3 quarts unsweetened, unflavored soy milk, preferably homemade, unsweetened
2 tbs nigari diluted in 3/4 c water
1/2 tsp mustard seed
1/2 tsp coriander seed
1/2 tsp cumin seed
1/2 tsp ground cardamom
1 tsp garam masala
1 tsp tumeric
2 tsp curry powder (mild or hot)
2 tsp kosher salt
In a dry skillet, lightly toast the mustard, coriander and cumin seeds until fragrant. Lightly crush with a mortar or rolling pin. Combine with the rest of spices and salt and set aside.
In a large pot, bring the soy milk to 160 degrees or simmer until a skin begins to form on the top. Remove from heat and add half of the nigari solution and stir well. Then add the rest of the nigari and gently stir until the tofu curds form. Put the lid on and let the curds set for 15 minutes.
Line a strainer with double layers of cheese cloth or a clean tea towel. Gently ladle the tofu curds into the strainer. Let drain for 10 minutes or until there are no visible pools of water. The curds will be wet but not soaking. Pour the curds into a bowl and add the spice-salt mixture. Toss gently with a spoon or your fingers to distribute.

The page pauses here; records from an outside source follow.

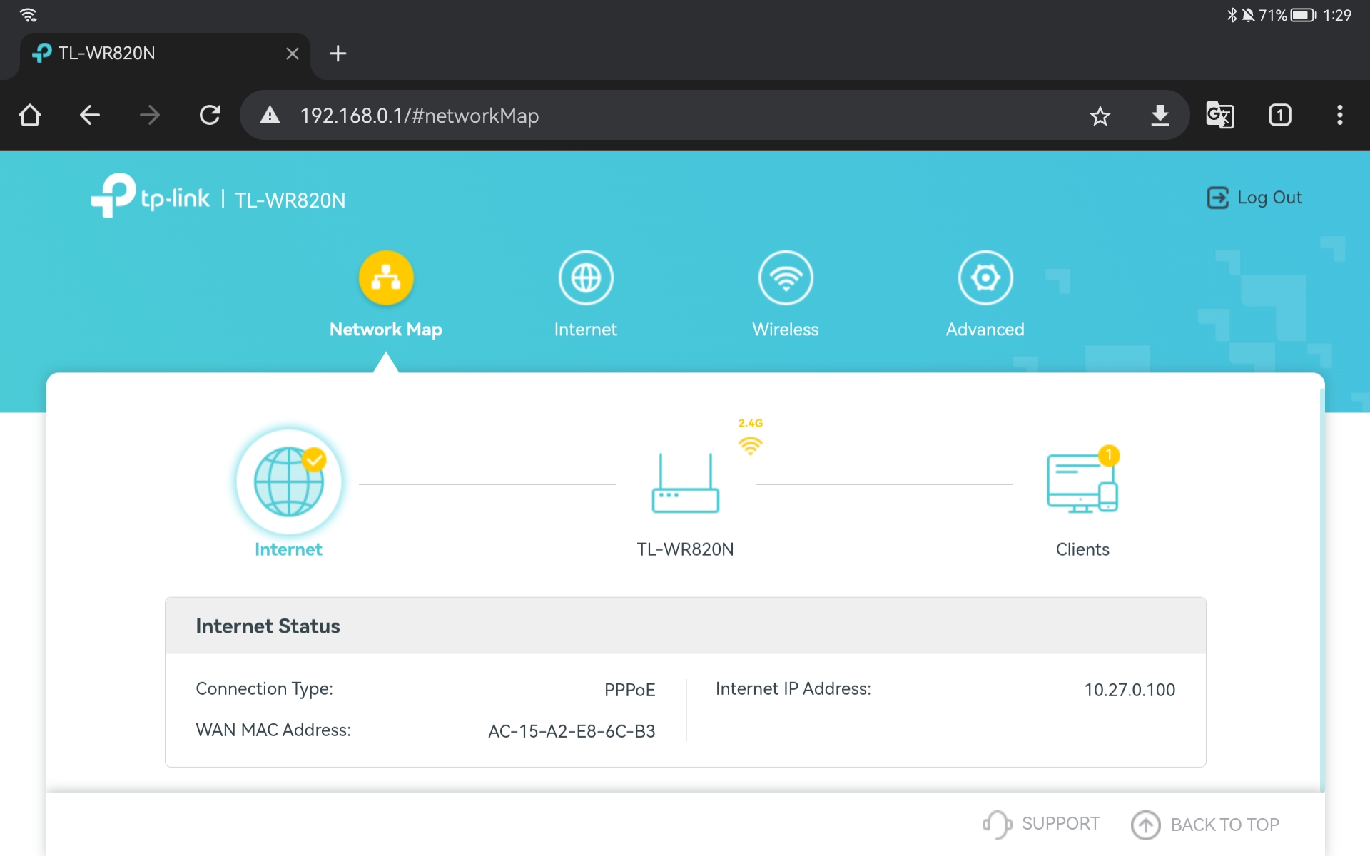 9. Sampai pada tahap ini seharusnya hp yang terhubung ke TP-Link sudah mendapatkan akses internet. Untuk memastikan login kembali ke halaman web TP-Link TL-WR820N. Disini sudah terlihat Access Point sudah terhubung ke Internet.
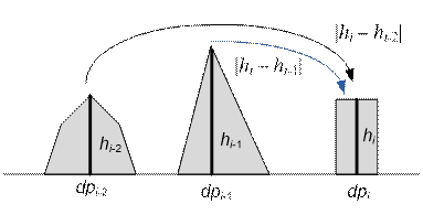 dp[3] = min( dp[2] + |h3 – h2| , dp[1] + |h3 – h1| ) =
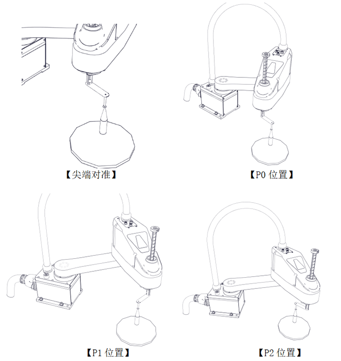 3)移动机械手到标定点正上方,机械手的尖端要与标定工具的尖端对准,设入P0;转到U轴获取新的角度,移动机械手使其尖端对准标定工具的尖端,设入P1(P1的U轴角度要与P0的U轴角度相差90~120度);再次转到U轴获取新的角度,移动机械手使其尖端对准标定工具的尖端,设入P2(P2的U轴角度要与P0/P1的U轴角度相差90~120度)。示意图如下:
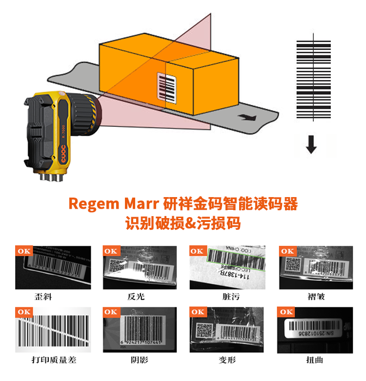 读码专家Regem Marr研祥金码是解决各行业用工难、降低成本,实现利润最大化的得力助手。同时,作为一家机器视觉行业国家标准制订单位,Regem Marr研祥金码自主研发的读码器,拥有业内领先性和创新性技术超30余项,助力企业实现超远距离、超广视野、自适应大景深、超高速快读码、高精度解小码等读码需求,解决各行业领域的读码难题,完美的演绎地表最强“码”王,客户投诉零机会。
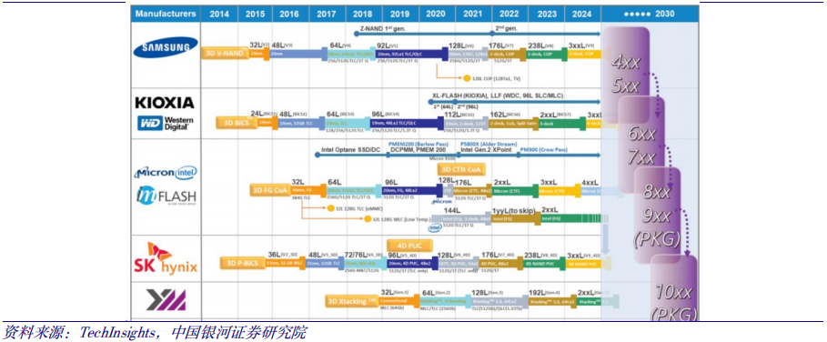 ②NAND 发展路径:高密度存储和 3D 堆叠为主要趋势
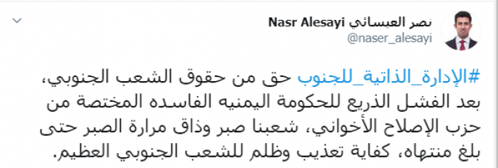 وكتب العيسائي عبر تغريدة له على "تويتر" رصدها " المشهد العربي":"الإدارة الذاتية للجنوب حق من حقوق الشعب الجنوبي، بعد الفشل الذريع للحكومة اليمنية الفاسدة المختصة من حزب الإصلاح الإخواني".
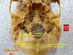 The external occipital crest is part of the external surface of the squamous part of the occipital bone. It is a ridge along the midline, beginning at the external occipital protuberance and descending to the foramen magnum, that gives attachment to the nuchal ligament.[1] It is also called the median nuchal line.[2]
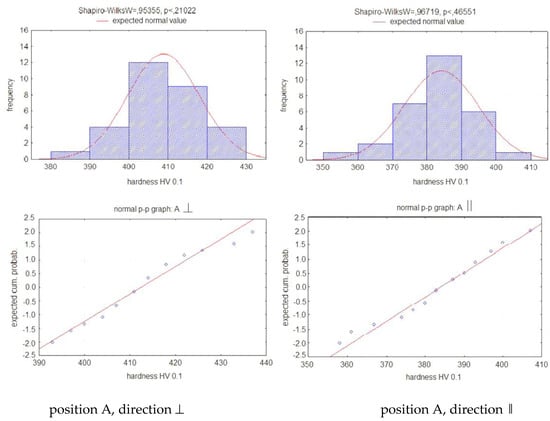 A Shapiro–Wilk normality test was performed for each set of measured values. The test output was a histogram and a p–p graph. An example for the sample at position A and both directions is shown in Figure 5.

Line a strainer or mold with cheese cloth and pack in your spiced tofu. You want it firmly loaded up. When full, put a layer of cheese cloth on top and weight it down with a heavy jar or can. If you have a tofu or cheese press, then use that. Set the strainer or mold over a pan to catch the whey. It can stain since it’s full of tumeric. Let the tofu press for at least 8 hours. Unmold and store, wrapped in plastic in fridge, or submerged in water like traditional tofu. Use the smallest container you can find as you don’t want the water to leach out the curry flavor.